— What you need to do —
In the data below, repeat the line containing "Кулер останавливает вентиляторы, если" and every following line exactly, up to and including the last line. Exclude pictures.

— Data excerpt —
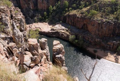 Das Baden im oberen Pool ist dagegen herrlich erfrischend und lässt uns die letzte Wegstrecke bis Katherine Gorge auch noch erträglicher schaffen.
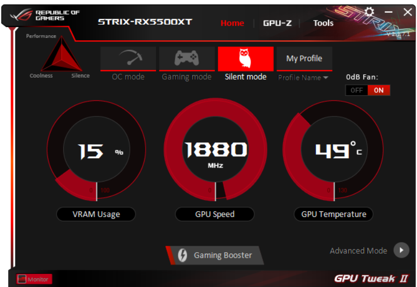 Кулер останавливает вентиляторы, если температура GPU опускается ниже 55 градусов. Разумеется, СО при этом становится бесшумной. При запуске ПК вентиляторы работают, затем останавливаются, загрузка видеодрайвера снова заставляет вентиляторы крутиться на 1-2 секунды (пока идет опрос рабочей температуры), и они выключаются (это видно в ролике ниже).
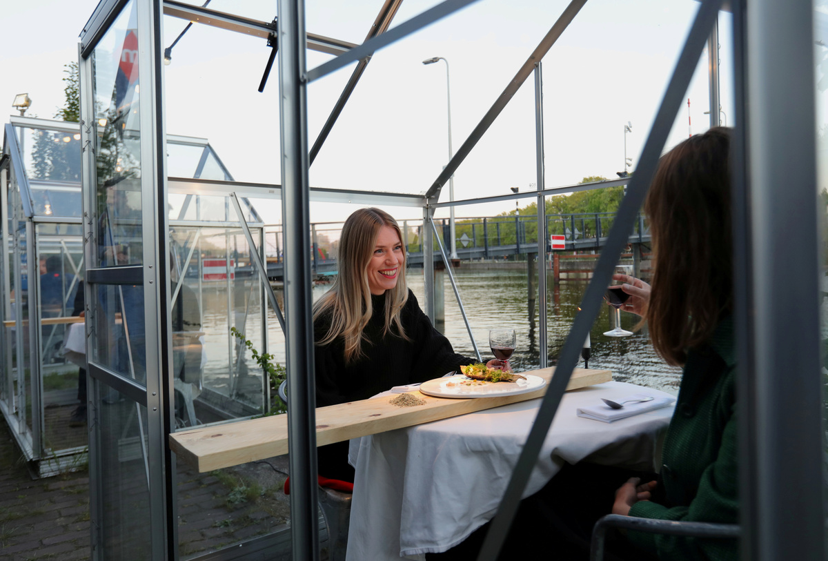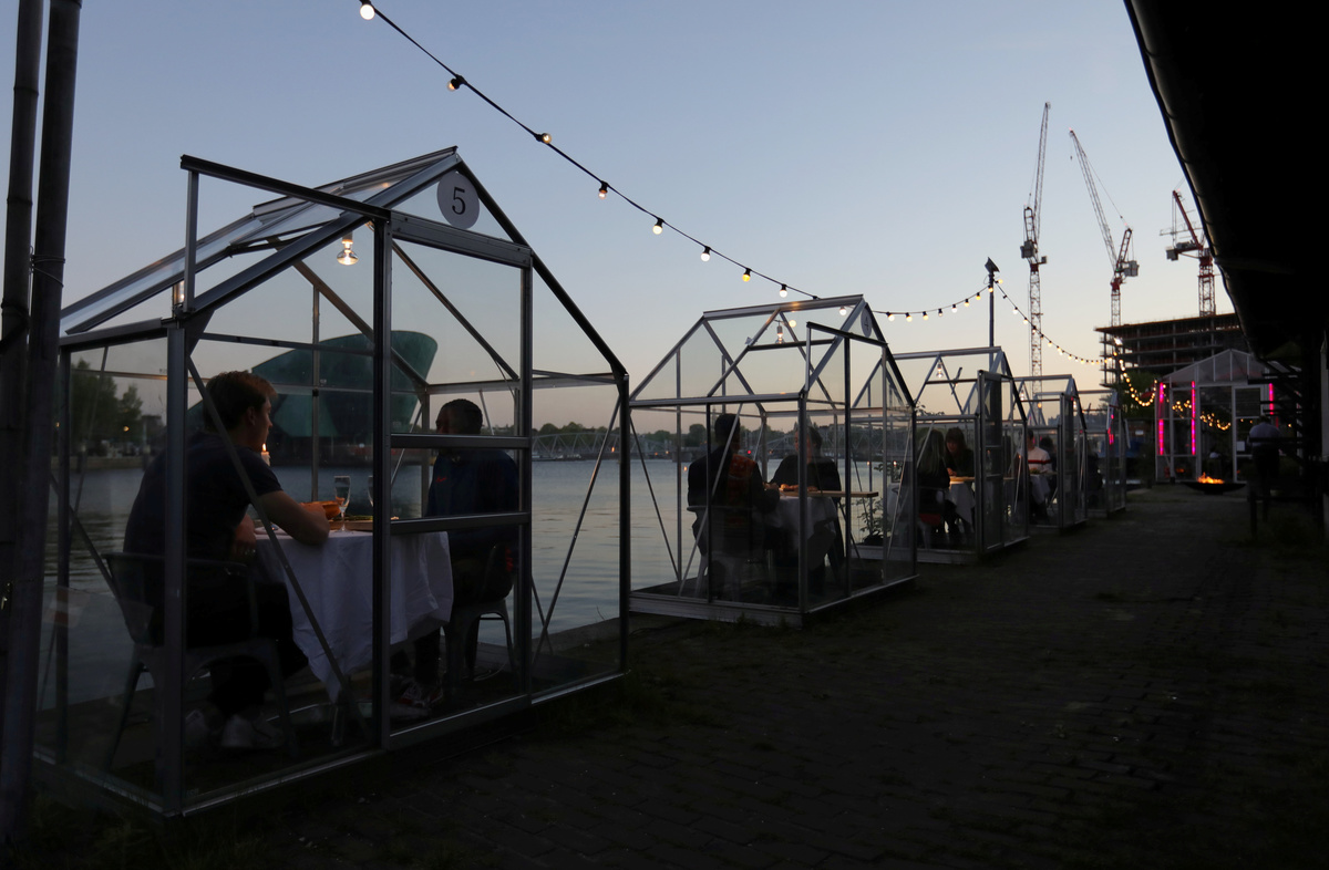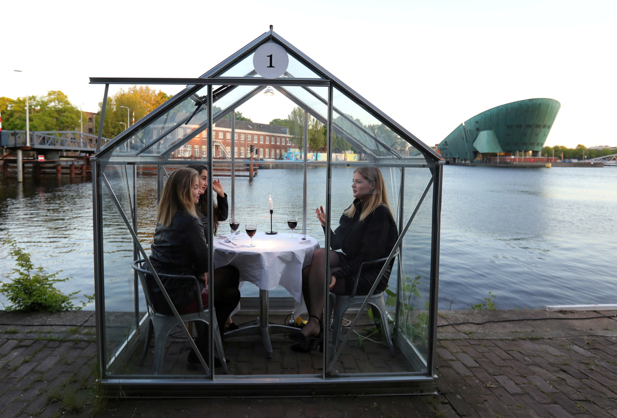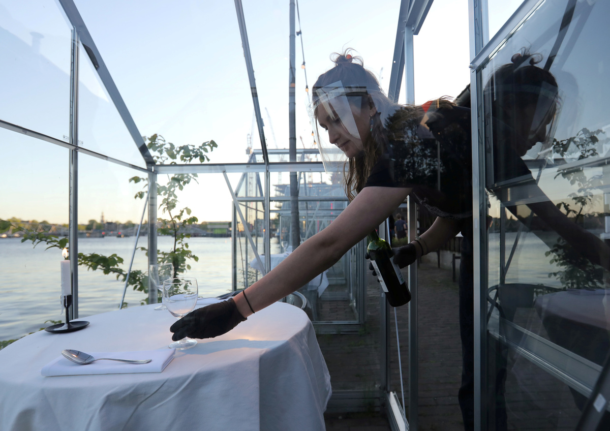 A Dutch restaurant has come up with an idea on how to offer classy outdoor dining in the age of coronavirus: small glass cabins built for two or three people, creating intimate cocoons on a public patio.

— Response to this exercise —
 Кулер останавливает вентиляторы, если температура GPU опускается ниже 55 градусов. Разумеется, СО при этом становится бесшумной. При запуске ПК вентиляторы работают, затем останавливаются, загрузка видеодрайвера снова заставляет вентиляторы крутиться на 1-2 секунды (пока идет опрос рабочей температуры), и они выключаются (это видно в ролике ниже).
 A Dutch restaurant has come up with an idea on how to offer classy outdoor dining in the age of coronavirus: small glass cabins built for two or three people, creating intimate cocoons on a public patio.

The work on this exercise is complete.